Gerbera ( or ) L. is a genus of plants in the Asteraceae (Compositae) family. The first scientific description of a Gerbera was made by J. D. Hooker in Curtis's Botanical Magazine in 1889 when he described Gerbera jamesonii, a South African species also known as Transvaal daisy or Barberton daisy.
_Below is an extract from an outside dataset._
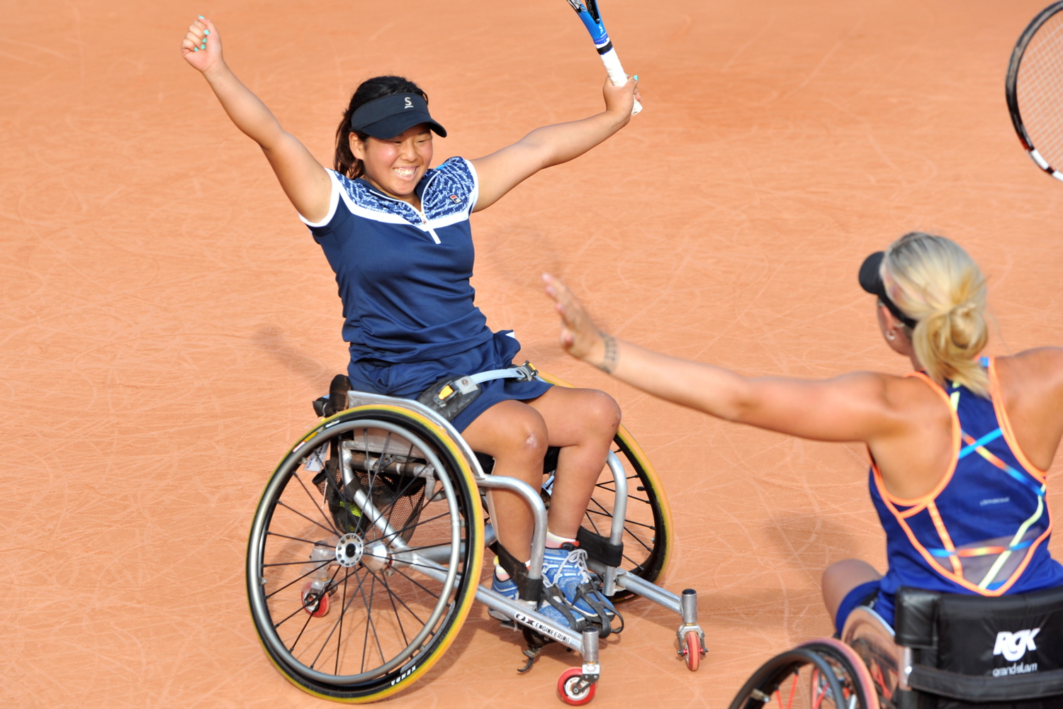フランスのローランギャロスで開催されている全仏オープンテニスは6日、車いすの部の男女シングルスの決勝が行われた。男子の国枝慎吾(ユニクロ)が第2シードのStephane HOUDET(フランス)に6-4、6-1で、女子の上地結衣(エイベックス・グループ・ホールディングス)がAniek VAN KOOT(オランダ)に7-6(7)、6-4でそれぞれ勝ち、優勝を果たした。また、上地はJordanne WHILEY(イギリス)と組んだ女子ダブルスの決勝も制し、単複二冠の快挙を成し遂げた。

Gerbera is also commonly known as the African daisy.

Etymology 
The genus was named in honour of German botanist and medical doctor Traugott Gerber (1710 — 1743) who travelled extensively in Russia and was a friend of Carl Linnaeus.

Description 

Gerbera species are tufted, caulescent, perennial herbs, often with woolly crown, up to 80 cm high. Leaves are all in rosette, elliptical with entire or toothed margin or lobed, petiolate or with a petaloid base, pinnately veined, often leathery and felted beneath. Single to several flowering stems from each rosette bear bracteate or ebracteate, simple, one-headed inflorescence-capitulum. Capitula are radiate, with several rows of bracts.  Ray florets are female, 2-lipped, the outer lip is large and strap-shaped, inner lip consists of two small, thread-like lobes of white, pink or red, rarely yellow colour. Disc florets are fertile, five-lobed and irregularly 2-lipped with curled petals.

Species 
Formerly included numerous species once considered members of Gerbera are now regarded as more suited to other genera: Chaptalia, Leibnitzia, Mairia, Perdicium, Trichocline, and Oreoseris.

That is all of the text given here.